Вокруг столпились краса-горожане, в середине круга кроме них стоял и Уго. Мальчик не воспринимал их слов, поглощенный своими смутными мыслями, и крепко стискивал коротенькую палочку, шепча: «В сердце, прямо в сердце, и в живот, и в глотку...»
— Возможно, и моя речь представляется тебе несовершенной? — насмешливо спросил Дуилио. — Возможно, ты и мой повествовательный дар вздумаешь оспаривать или потягаться захочешь, чего доброго, наглец...
— Почему бы и нет, пожалуйста, сударь, попытаюсь, — не так уж глупа поговорка: «Попытка — не пытка».
— Какова дерзость! — обратился Дуилио к согражданам.— Как он не понимает, что смешно со мной тягаться, я возьму верх везде и всюду, в любую погоду.
— Тогда начнем, — Александро вскинул руку. — Давай приступим.
Посреди круга они были теперь вдвоем. Уго, увидев Доменико, испуганно вобрал голову в плечи и скрылся.
— Ах, Дуилио, расскажите нам историю о благородной даме, — взмолилась тетушка Ариадна. — Обожаю ее.
— Это о какой, той, что утопилась?..
— Нет, о той, что оставила любимого мужа с коварной женщиной и притом, чтобы его не казнила беспощадная совесть, заверила, якобы любит другого.
— Похвальная история, молодчина, — одобрил Александро сиявшего Дуилио, поощрительно хлопая его по плечу. — Только ложь это.
— А? — опешил Дуилио. — Что значит ложь? Как ты смеешь?!
— Ложь, и все. Допустим, даже вправду было такое, все равно фальшь. Понимаешь, Дуилио, маленький, ложь — это ложь, даже если из жизни взял.
— Слышите, что он несет! Чепуха! Как может действительная история быть ложью!
— Прекрасно может, маленький. Представь, иной раз вымысел бывает правдой, придуманное — подлинным, понял или сбил тебя с толку, — Александро погладил его по голове, — мой маленький?..

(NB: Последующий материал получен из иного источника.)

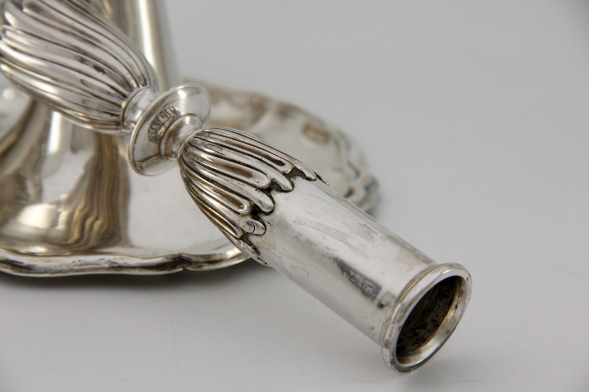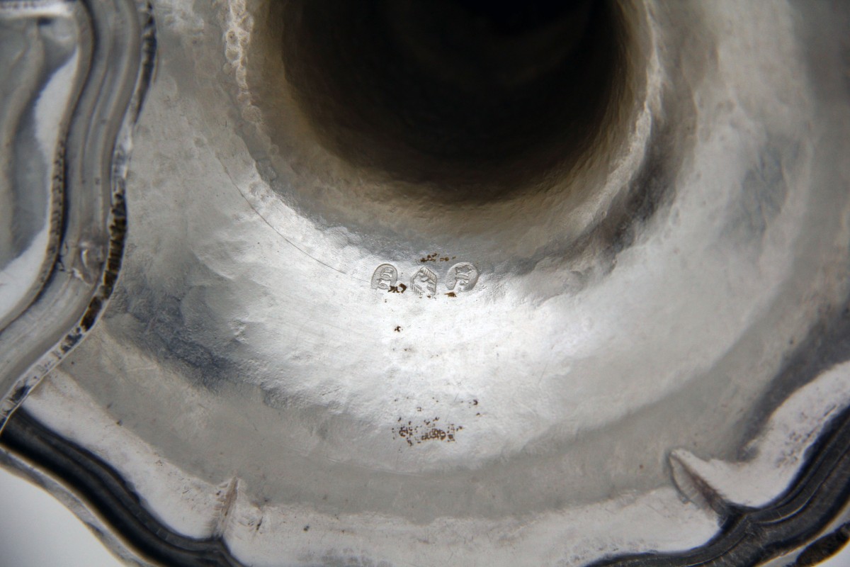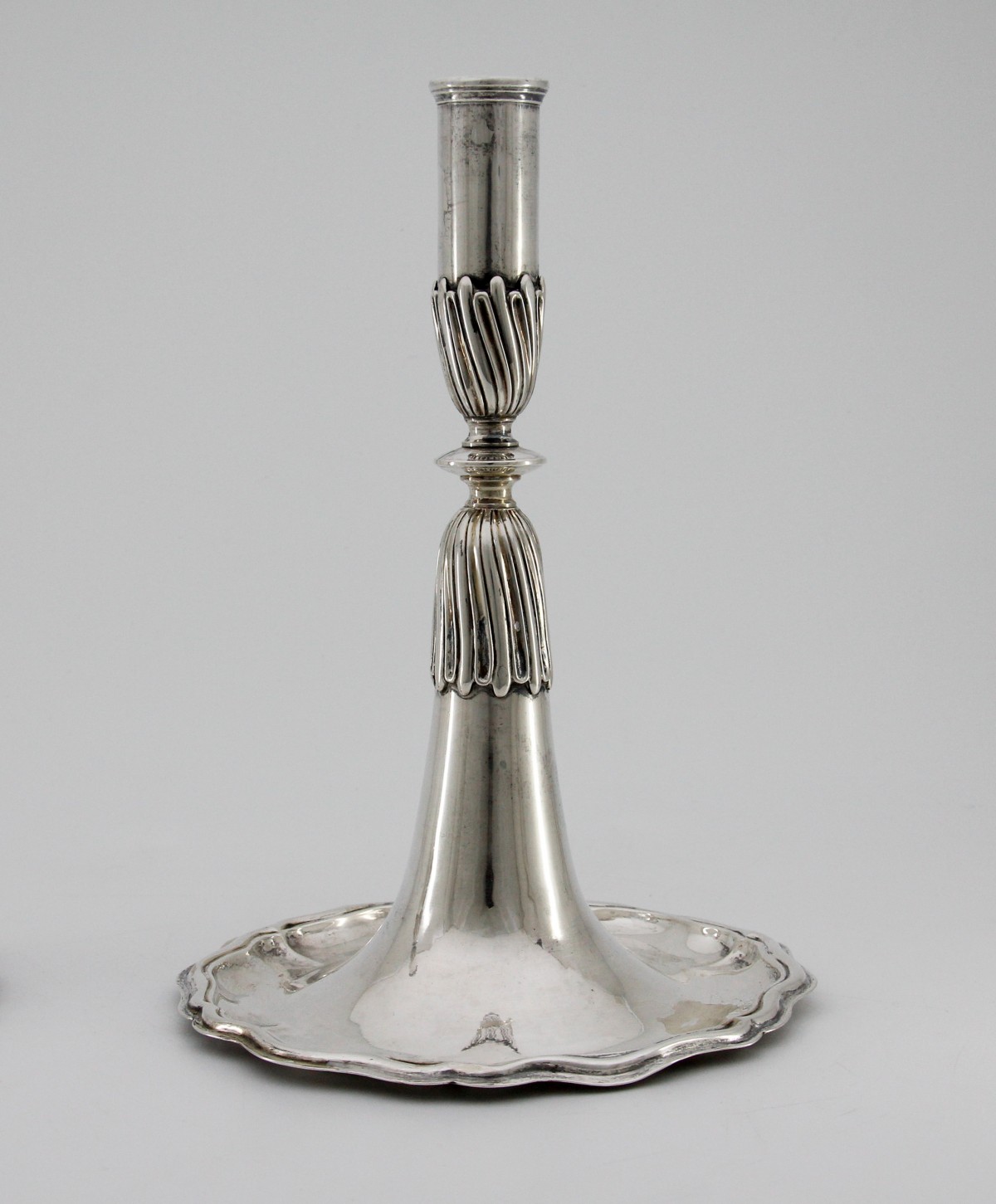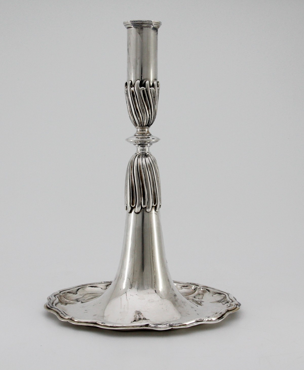 Sans bobèches (si la plupart des flambeaux trompette publiés sont munis de bobèches, on ne sait que très rarement si celles-ci sont contemporaines des flambeaux ou non. D'après ce que nous avons pu constater, de nombreuses bobèches ne sont pas poinçonnées ou, si elles sont bien du XVIIIe, viennent souvent d'un autre atelier. D'ailleurs, la forme très évasée et en légère cuvette du pied des flambeaux trompette se prête parfaitement à une utilisation sans bobèche, comme c'était très souvent le cas au XVIIIe siècle. Voir par exemple le tableau Le Canard blanc (1753) de Jean-Baptiste Oudry, reproduit dans Helft 1980, p.370, où le très beau flambeau d'Antoine Bailly est dépourvu de bobèche).

— Убери руку, с кем ты себе позволяешь... себе... воображаешь!..
— С тобой, Дуилио, маленький, маленький. И если тебе интересно, я расскажу такую неправду, которая правдива.
— Пожалуйста, рассказывай, интересно, как ложь окажется правдой, — так и быть, послушаем, — снизошел Дуилио.
— Послушаем, послушаем, — передразнил его Александро. — Думаешь, я в самом деле тронутый, чтобы прекрасную сказку рассказывать вам всем вместе? Вон, гляньте на Кумео, выкинет какую-нибудь пакость, заорет, а ваш Винсенте расстегнет воротничок, и только уши затыкай, за ним и Антонио, и ваш весельчак Тулио захохочет... Люди! Я всем вам расскажу сказку о травоцветном человеке, но, извините, каждому в отдельности, — не хочу, чтобы вы опять передрались, как на лекции об улучшении отношений между вами, а теперь, Дуилио и вы все, отправляйтесь-ка домой, видите — небо тучами затянулось, накрапывает, кажется, да, да, дождь пошел, — и вытянул руку ладонью к небу. — Видите, льет, ого как полил!..
Никто его больше не слушал — все разбегались по домам.
Не вдруг погрузился Краса-город в непроглядный туман, перед этим его долго заволакивала сырая белесая пелена, уныло, нудно, нескончаемо моросило, по небу расползались клочья сумрачных туч, дороги размякли, а колеса ландо полосовали их глубокими колеями. Намокшие панели сначала глянцевито темнели, но липшая к башмакам слякоть скоро и по ним размазалась, все отсырело. Тетушка Ариадна, укутавшись потеплее, отсиживалась дома; продрогшие прохожие шли молча, с усилием выдирая ноги из липучей слякоти. Город вымок, вымер, затих, даже возницы не покрикивали на лошадей, ветки на взмокших деревьях взбухли, чаще горланили заскучавшие петухи. «В такую погоду гульнуть хорошо. Кутнем, а? — вдохновенно сказал Тулио. — Пошли, чего думать, Доменико приглашает». И компания двинулась на окраину, к заведению Артуро. Доменико был в высоких сапогах — на пядь выше колен, тонкий стан его перехватывал широкий пояс с серебряной пряжкой, широкополая шляпа надвинута на глаза, на плечи накинут плащ из тяжелого синего бархата, а в кармане лежало двадцать пять драхм...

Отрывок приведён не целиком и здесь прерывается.